Steinauer, Katja et al. (2020), Data from: Above-belowground linkages of functionally dissimilar plant communities and soil properties in a grassland experiment, Dryad, Dataset, https://doi.org/10.5061/dryad.2547d7wp3

Abstract

Changes in plant community composition can have long-lasting consequences for ecosystem functioning. However, how the duration of plant growth of functionally distinct grassland plant communities influences abiotic and biotic soil properties and thus ecosystem functions is poorly known. In a field experiment, we established identical experimental subplots in two successive years comprising of fast- or slow-growing grass and forb community mixtures with different forb:grass ratios. After one and two years of plant growth, we measured above- and belowground biomass, soil abiotic characteristics (pH, organic matter, soil nutrients), soil microbial properties (respiration, biomass, community composition), and nematode abundance. Fast- and slow-growing plant communities did not differ in above- and belowground biomass. However, fast-and slow-growing plant communities created distinct soil bacterial communities, whereas soil fungal communities differed most in 100% forb communities compared to other forb:grass ratio mixtures. Moreover, soil nitrate availability was higher after two years of plant growth, whereas the opposite was true for soil ammonium concentrations. Furthermore, total nematodes and especially bacterial-feeding nematodes were more abundant after two years of plant growth. Our results show that plant community composition is a driving factor in soil microbial community assembly and that the duration of plant growth plays a crucial role in the establishment of plant community and functional group composition effects on abiotic and biotic soil ecosystem functioning under natural field conditions.

Methods

The experimental site was established in spring 2015 in a restored grassland site (abandoned from agricultural use in 1996), “De Mossel” (Natuurmonumenten, Ede, The Netherlands, 52° 04´ N, 5° 45´ E).

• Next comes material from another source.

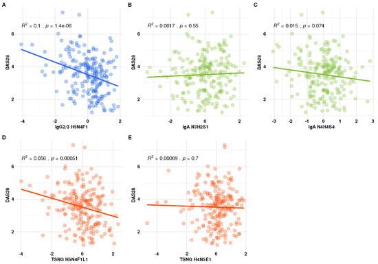 Linear associations between DAS28 and the predictors (glyco-traits) of the composite model. A linear model with DAS28 as a response variable was built for each of the selected glyco-traits. Only two features show a significant association with DAS28, being IgG2 H5N4F1 (p = 1.39 × 10−6) and H5N4F1L1 (p = 0.0005). The variance explained by the model was only 10% for IgG2 H5N4F1 and 5% for TSNG H5N4F1L1.
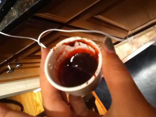 Para un rápido y fácil de la sangre falsa, mezcla una cucharada de miel con 5 gotas de colorante alimentario rojo y 1 gota de verde. Añadir 1 cucharadita de cacao en polvo.

The area around “De Mossel” is characterized by a mean daily temperature of 16.7 °C in summer months and 1.7 °C in winter months and monthly precipitation ranges from 48 to 76 mm (based on open source data from long-term climate models; www.climate-data.org). The soil of the field site is described as a holtpodzol and soil texture is characterized as sandy loam (94% sand, 4% silt, 2% clay, ~5% organic matter, 5.2 pH, 2.5 mg kg-1 N, 4.0 mg kg-1 P, 16.5 mg kg-1 K) (Jeffery et al. 2017).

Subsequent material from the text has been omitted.